I need to research different charting techniques to provide useful information. The data I have suggests more nuanced comparisons can be done - perhaps doing a correlation between specific features with complaints and pricing, thereby identifying "useless" features "or the "oh my god I really want this to work right" features. So far, the frequency bar charts, and heat map charts are useful, but seem to miss a lot too.
Would it be useful to setup a "changes over time" system here? It seems like it wouldn't really apply for what I'm trying to do, but I can see concepts like "up and coming features" versus "diminishing importance" features could be handy. An over time element could help with that analysis but introduces a lot of complexity.

I'm at an inflection point. I know I need to gather more data, and need some different data. I find myself questioning if the database structure I have is sufficient for what I'm trying to do. But I'm also questioning if "what I'm trying to do" has changed since I started the project. But this is more of a personal and philosophical question.
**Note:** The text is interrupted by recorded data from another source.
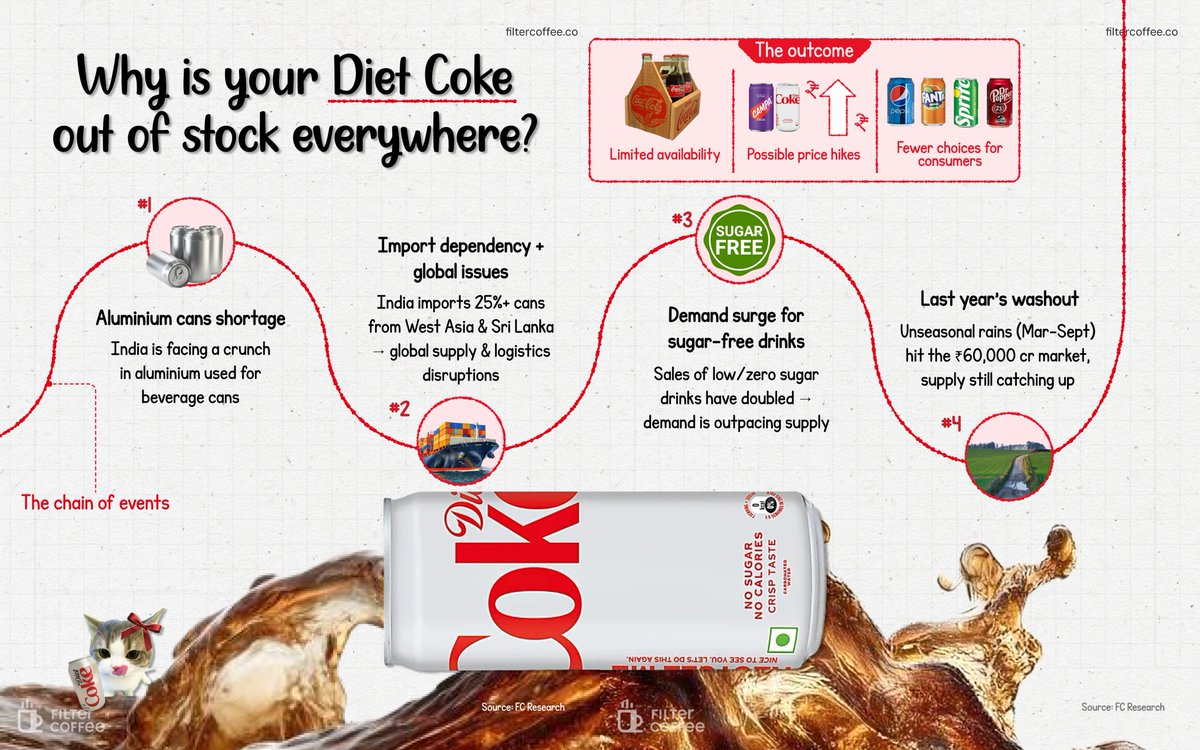 India is facing a genuine squeeze in beverage can supply, and this is hitting products like Diet Coke first because they rely almost entirely on cans instead of plastic bottles or returnable glass.
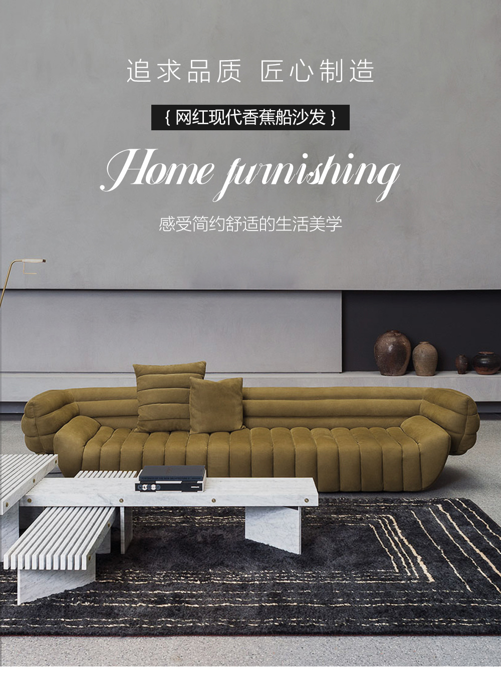 小红书系列 极简 磨砂绒+实木多层板+进口俄罗斯落叶松框架,+高回弹高密度海绵 3.2米香蕉船沙发
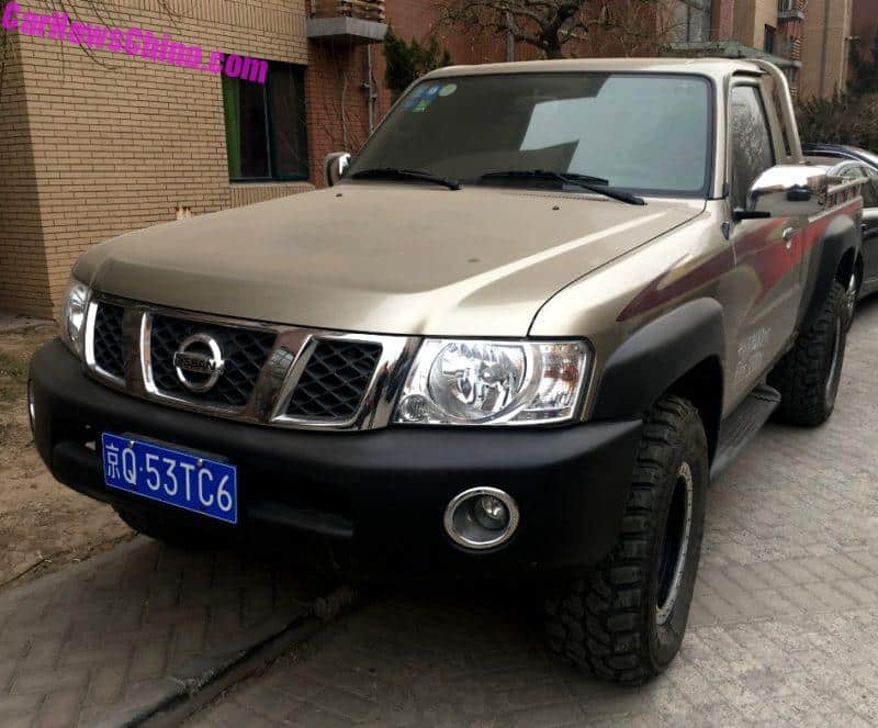 A massive Nissan Petrol pickup truck, Spotted in China in my compound in east Beijing. It is a truly enormous vehicle, towering tall over anything else on the street.
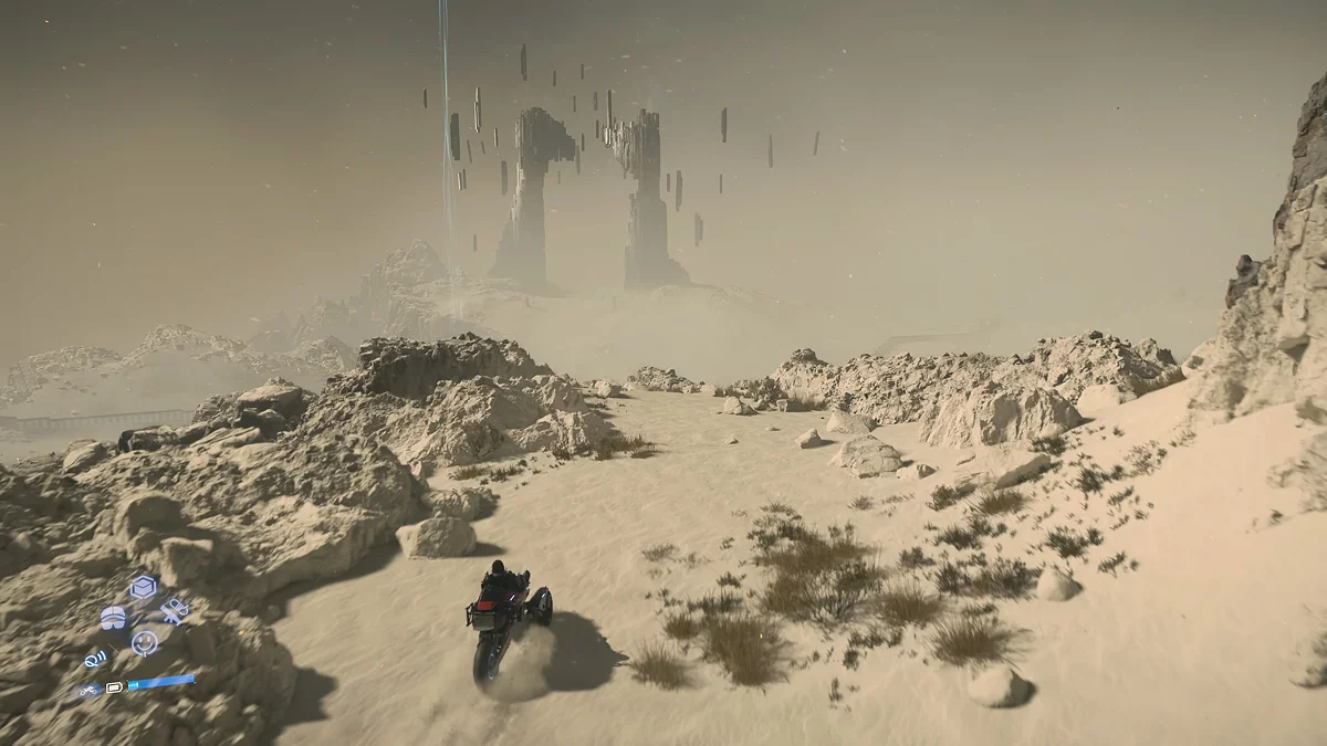 К тому же открытый мир — мертв. Несмотря на внимание к деталям, травинкам и пушинкам, в Death Stranding 2: On the Beach банально скучно находиться. Кроме бункеров, редких животных и пустынных пейзажей главного героя не окружает ничего. Неожиданных событий или незапланированных встреч не будет. Агрессивные люди и твари также сидят на строго отведенных базах или частях карты и даже на метр не выходят за пределы. Со временем появляются караваны других курьеров, но их всегда не больше двух-трех человек, а максимум взаимодействия — взаимный лайк. Коллег можно увидеть только рядом с бункерами. Где-то в отдалении никаких иных живых людей не будет.
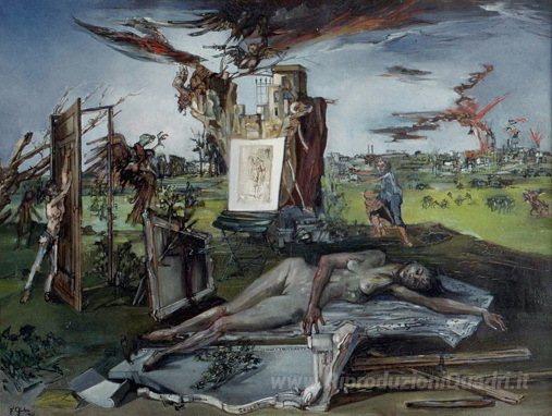 Ti offriamo una riproduzione artigianale su tela dell'opera famosa 'L'hommage à Callot' di Francis Gruber, dal Museo delle Riproduzioni.
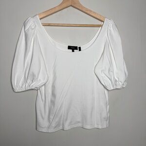 Theory Puff-Sleeve Scoop Top Clinton Knit White Top Sz M
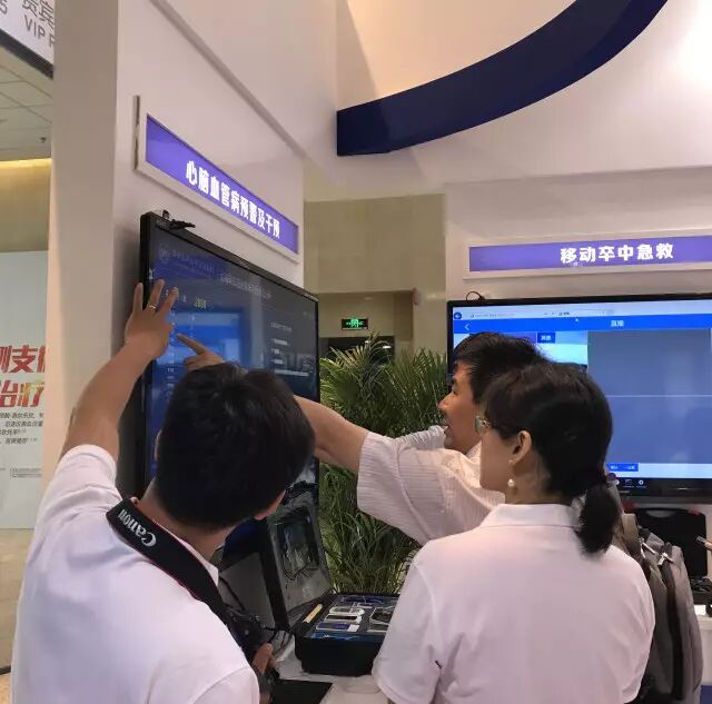 大会期间,王陇德院士在“互联网医疗诊治技术国家工程实验室”主任、宣武医院副院长吉训明的陪同下,参观了普天技术展示的针对高危人群智能预警及干预、心脑血管病远程急救、机器人辅助心脑血管病康复管理和教育等方面的创新成果,王院士对中国普天运用信息技术优势,积极参与卒中防治分级诊疗网络体系建设做出的贡献给予高度评价。
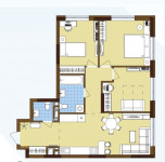 Загальна площа помешкання — 68м3. Зручне та функціональне планування:
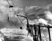 | Left: The tanker Tidewater battles through the seas off Cape Hatteras in 1940. No matter how strong
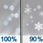 Temperature: 34°F Wind Speed: 2 to 6 mph Wind Direction: E Forecast: Snow likely. Cloudy. High near 34, with temperatures falling to around 32 in the afternoon. Chance of precipitation is 70%. New snow accumulation of 2 to 4 inches possible. |
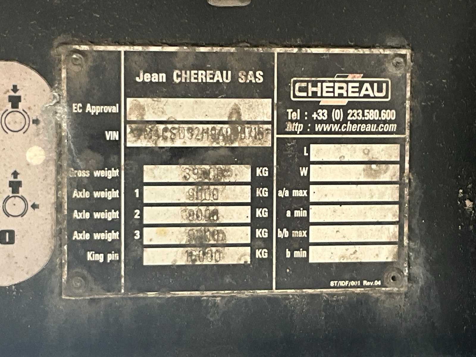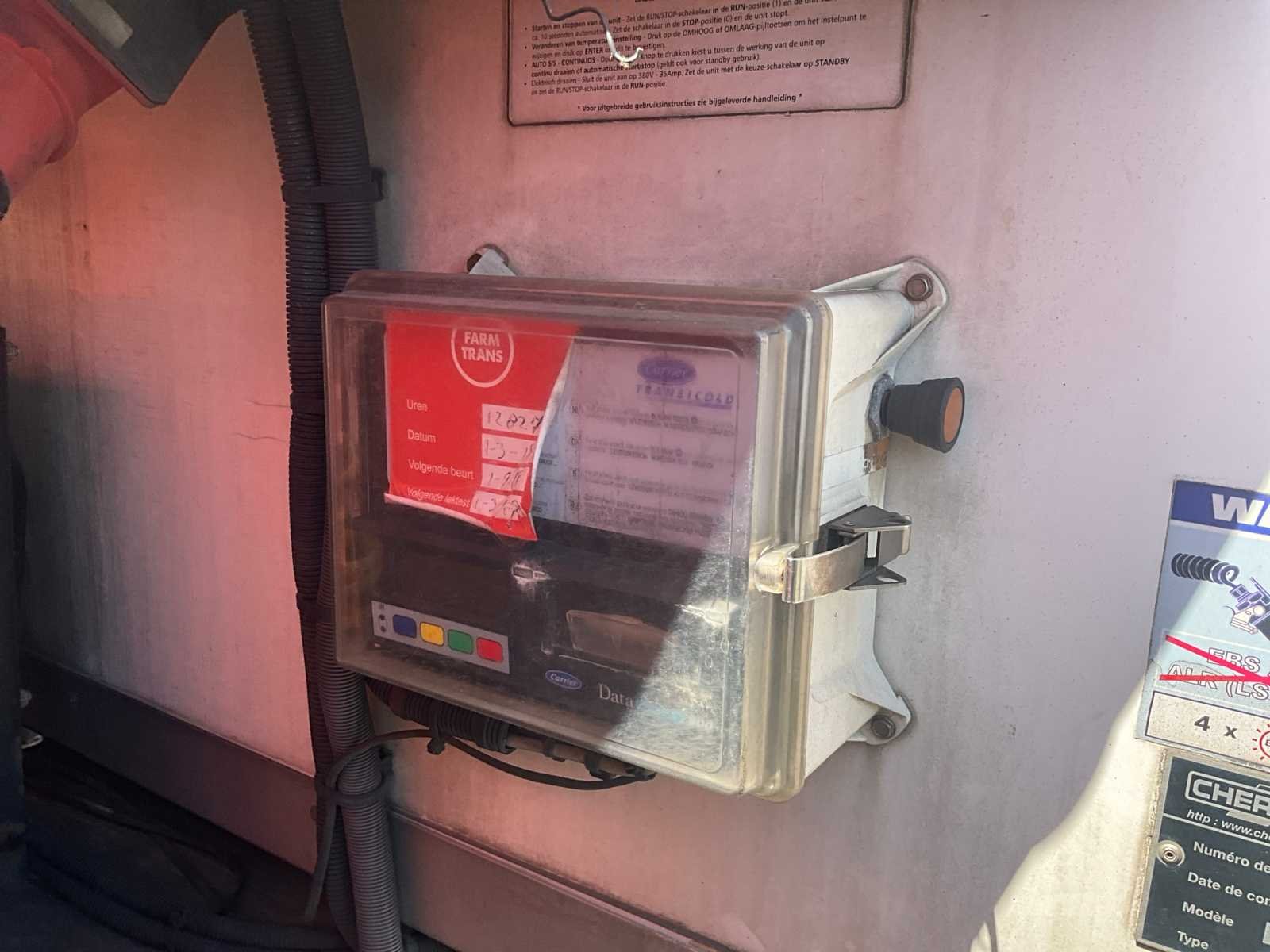 Carrier Vector 1850Mt koelunit, 2x 7-polige stekker 15-polige stekker, ABS stekker, 3-polige stekker, 3x SAF 9T as, schijfremmen, luchtvering, Dhollandia DHSMR80 2000kg laadklep, Merk: Chereau Type: CSD3 Bouwjaar: 2009 Chassisnummer VIN: VM4CSD32H9A000716 Kenteken: OK-08-VB Datum eerste toelating (NL): 2009-03-11 Datum eerste toelating: 2009-03-11 APK vervaldatum: 2024-06-19 Aantal assen: 3 Laadvermogen: 29300kg Koeltrailer: true Hydraulische laadklep: true Eigen gewicht: 9700kg Totale afmeting L: 14040mm Totale afmeting Breedte: 2600mm Totale afmeting Hoogte: 4000mm

When I can answer it, I'll know if I need to revisit the structures.

Next Steps

This is ongoing.

The interface needs to be streamlined a little . I'd like to be able to say "start" and have it just run, collecting data and improving the dataset over time. This is not the case though at the moment. I have to manually indicate I'd like to discover more industries/tools, then when those are done I need to indicate research the tools we don't have data for yet. Then run the analysis steps individually, etc. This can all be made more automatic with a little effort.